This is a port of Jeff Bonwick's lzjb compression algorithm to pure Python. This compression scheme is used in the ZFS filesystem.
One of its main features is very small memory requirements for decompression. This can make it a suitable choice when adding compression in memory-constrained environments, such as in embedded development.
The name is perhaps not optimal. I didn't want to come up with a "fancy" name that has no meaning. I know of the pylzjb project, which provides Python bindings for a C implementation of lzjb.

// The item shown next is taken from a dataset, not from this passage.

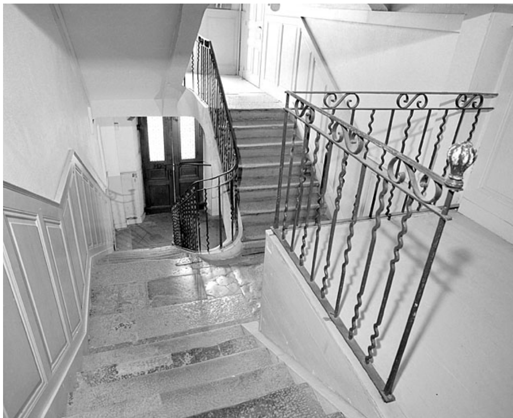
Escalier vu en plongée depuis le premier palier.
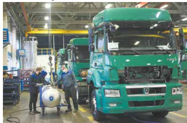
Освоенная этим летом модель КАМАЗ-5490 NEO 2 пользуется хорошим спросом

This code is starting to feel quite mature and polished. This feeling is helped by the fact that it's very short, the core functions occupy less than 150 lines, including docstrings. The only thing I can think of to do would be more profiling/optimization, but it does seem to work already.
Like any Python package, setup.py is used.
Installation is a two-step process:
$ ./setup.py build$ ./setup.py install
Unlike pylzjb, the module install name for this project is simply lzjb.
I think this makes sense, it should be kind of obvious that the imported module is for Python.
This is open source, distributed under the BSD 2-clause license.
To ensure compatibility with the public C code for LZJB compression, automatic testing is performed. A simple shell script runs python-lzjb against both the C code and itself, on a set of 30 files. The test script emits a simple matrix which quickly shows when something breaks.
This package is designed to work with both Python 2.x and 3.x from the same source. It has been tested on Python 2.7.17 and Python 3.7.5, by running the test script. The test "framework" is rather Unix-centric, apologies. It could/should probably be rewritten in Python to be more portable.
The main goal when implementing this has been correctness and (sort of) clarity by closely following the original C code. On my not-so-hot laptop (Intel® Core™ i5 M 480 @ 2.67GHz) it currently achieves around 1.1 MB/s when compressing.
The package's API is extremely simple.
Data is managed as Python bytearray objects.
There are two groups of functions: size encoding/decoding, and data compression/decompression.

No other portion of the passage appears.